* DIRECTIONS FOR THIS TASK: Search the listing below for the line containing "生涯50000分里程碑之夜!". From there through the line containing "Dark Mustard and", transcribe every line exactly, both ends included.

* EXERCISE INPUT:

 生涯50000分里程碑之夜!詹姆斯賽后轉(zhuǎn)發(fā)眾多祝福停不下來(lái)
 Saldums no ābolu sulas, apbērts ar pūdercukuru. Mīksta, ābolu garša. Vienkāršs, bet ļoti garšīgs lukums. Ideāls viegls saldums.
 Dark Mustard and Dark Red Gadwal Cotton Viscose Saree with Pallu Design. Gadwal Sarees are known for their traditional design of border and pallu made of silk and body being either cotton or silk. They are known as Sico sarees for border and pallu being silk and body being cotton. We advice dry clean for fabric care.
* * *
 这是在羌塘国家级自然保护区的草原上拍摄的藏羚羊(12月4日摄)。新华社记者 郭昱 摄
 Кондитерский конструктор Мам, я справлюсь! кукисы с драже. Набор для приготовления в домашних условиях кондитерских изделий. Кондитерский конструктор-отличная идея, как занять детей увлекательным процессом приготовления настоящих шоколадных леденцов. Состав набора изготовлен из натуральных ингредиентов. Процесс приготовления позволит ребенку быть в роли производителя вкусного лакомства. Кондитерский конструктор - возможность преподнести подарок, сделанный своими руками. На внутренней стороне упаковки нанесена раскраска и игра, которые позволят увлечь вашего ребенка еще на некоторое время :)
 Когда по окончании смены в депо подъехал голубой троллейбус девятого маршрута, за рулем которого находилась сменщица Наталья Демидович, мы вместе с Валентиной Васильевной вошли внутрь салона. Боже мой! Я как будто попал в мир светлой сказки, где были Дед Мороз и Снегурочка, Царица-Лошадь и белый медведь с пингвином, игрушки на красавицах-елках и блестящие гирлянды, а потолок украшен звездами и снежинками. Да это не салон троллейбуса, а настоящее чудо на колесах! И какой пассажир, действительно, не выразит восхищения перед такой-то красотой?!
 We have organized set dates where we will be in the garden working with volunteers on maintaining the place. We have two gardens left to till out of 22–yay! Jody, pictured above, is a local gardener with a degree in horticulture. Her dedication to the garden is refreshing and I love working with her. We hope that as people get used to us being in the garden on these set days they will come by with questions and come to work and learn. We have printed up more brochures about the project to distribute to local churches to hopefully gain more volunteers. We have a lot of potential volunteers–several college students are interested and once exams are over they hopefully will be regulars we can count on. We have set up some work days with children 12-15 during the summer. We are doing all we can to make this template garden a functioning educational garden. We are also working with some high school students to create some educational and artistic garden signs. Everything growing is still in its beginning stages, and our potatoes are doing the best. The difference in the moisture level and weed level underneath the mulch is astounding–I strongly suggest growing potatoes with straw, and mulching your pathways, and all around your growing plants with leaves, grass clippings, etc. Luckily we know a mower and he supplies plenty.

* ANSWER:
 生涯50000分里程碑之夜!詹姆斯賽后轉(zhuǎn)發(fā)眾多祝福停不下來(lái)
 Saldums no ābolu sulas, apbērts ar pūdercukuru. Mīksta, ābolu garša. Vienkāršs, bet ļoti garšīgs lukums. Ideāls viegls saldums.
 Dark Mustard and Dark Red Gadwal Cotton Viscose Saree with Pallu Design. Gadwal Sarees are known for their traditional design of border and pallu made of silk and body being either cotton or silk. They are known as Sico sarees for border and pallu being silk and body being cotton. We advice dry clean for fabric care.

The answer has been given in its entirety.